A second domain name registrar, NameSilo.com announced that it was offering Bitcoin as a new method of payment on its website.
NameCheap.com became the 1st domain name registrar to offer BitCoin back in March of 2013.
The move makes NameSilo the latest established business to accept payment via the digital currency, and one of the first major domain registrars to do so.
“It is important to us to respond to the requests of our customers,” said Michael Goldfarb, co-founder of NameSilo. “Our customers made it clear to us that they desired more flexibility concerning how they pay for their domain services, and Bitcoin was referenced in many of those requests.”
NameSilo is accredited by ICANN and currently has over 30,000 customers from 177 different countries making payment flexibility critically important.
Bitcoin has no central authority and is available to anyone.
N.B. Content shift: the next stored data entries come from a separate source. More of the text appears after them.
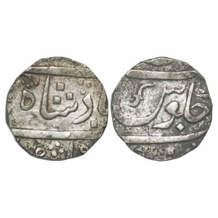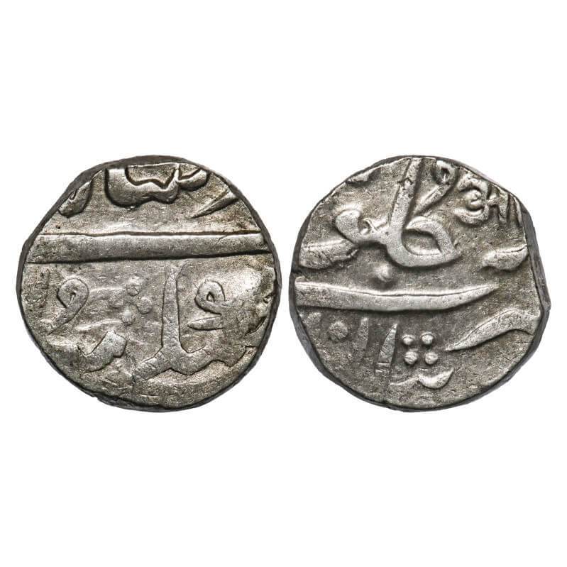 Baroda, Silver Rupee, 11.37g, Fatah Singh Regent (AH 1192-1204 / 1778-1789 AD), Sankheda Mint, INO Shah Alam II, scimitar on reverse. KM Unlisted. Very Fine, Rare.
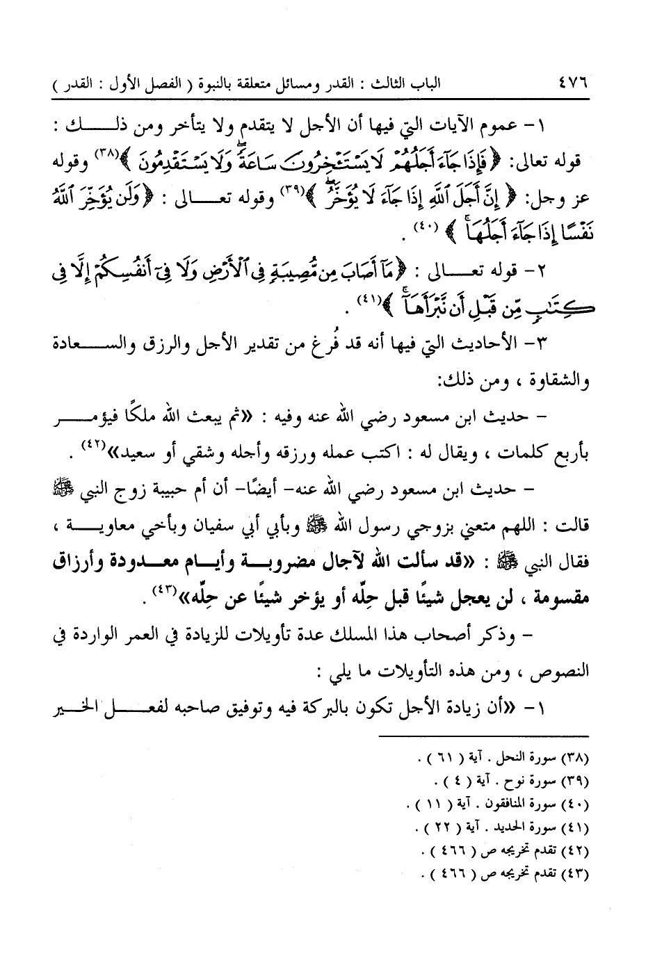 ١ - عموم الآيات التي فيها أن الأجل لا يتقدم ولا يتأخر ومن ذلك: قوله تعالى: {فَإِذَا جَاءَ أَجَلُهُمْ لَا يَسْتَأْخِرُونَ سَاعَةً وَلَا يَسْتَقْدِمُونَ} (¬٣٨) وقوله عز وجل: {إِنَّ أَجَلَ اللَّهِ إِذَا جَاءَ لَا يُؤَخَّرُ} (¬٣٩) وقوله تعالى: {وَلَنْ يُؤَخِّرَ اللَّهُ نَفْسًا إِذَا جَاءَ أَجَلُهَا} (¬٤٠).
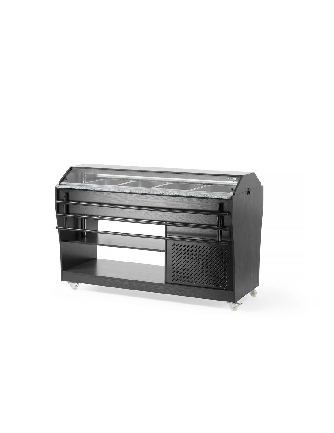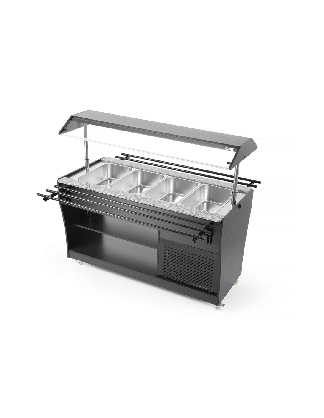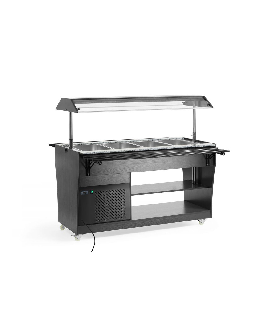 Arktic salladsbuffé har plats för 4 GN 1/1-behållare, vilka ingår i setet. Buffén är utrustad med belysning i taket, har 2 hyllplan undertill för förvaring av tallrikar och bestick och är lätt att flytta tack vare 4 hjul. Denna buffé är den perfekta lösningen för självbetjäningsställen eller evenemang, eftersom den har en hylla för brickor på båda sidor och säkerställer att maten förvaras perfekt sval.

Within minutes of offering Bitcoin, the first Bitcoin transaction occurred on NameSilo.
“Bitcoin’s track record for offering universally secure and flexible payments really got our attention,” said Michael McCallister, another one of NameSilo’s co-founders. “It is frustrating for us as a company to tell certain customers that we cannot offer services to them due to payment option limitations they may experience, due to where they reside or personal preference. Accepting Bitcoin will allow us to make domain registration available to many people who previously were unable to get a domain.”
NameSilo announced a few days earlier that it also began accepting Google Wallet payments. Google Wallet is currently available in 161 countries.
George Kirikos says
EasyDNS started accepting Bitcoin in April 2013:
http://blog.easydns.org/2013/04/16/we-now-accept-bitcoin-as-a-payment-method/
Technically speaking, NameCheap is just a reseller of eNom, so that means EasyDNS might have been the first true registrar to accept Bitcoin (not sure if other small registrars were before EasyDNS).
George Kirikos says
Just to be more precise, NameCheap *does* have an ICANN accreditation. Although, as of September 2013 (the most recent VeriSign monthly report), only 24 .com domains were registered with that accreditation (most are via the reseller relationship with eNom).
Mark Jeftovic says
Oh well.
Mark Jeftovic says
But Namesilo is definitely not the second. We were.
infodudeDOTit says
This news story was about NameSilo, NOT Namecheap.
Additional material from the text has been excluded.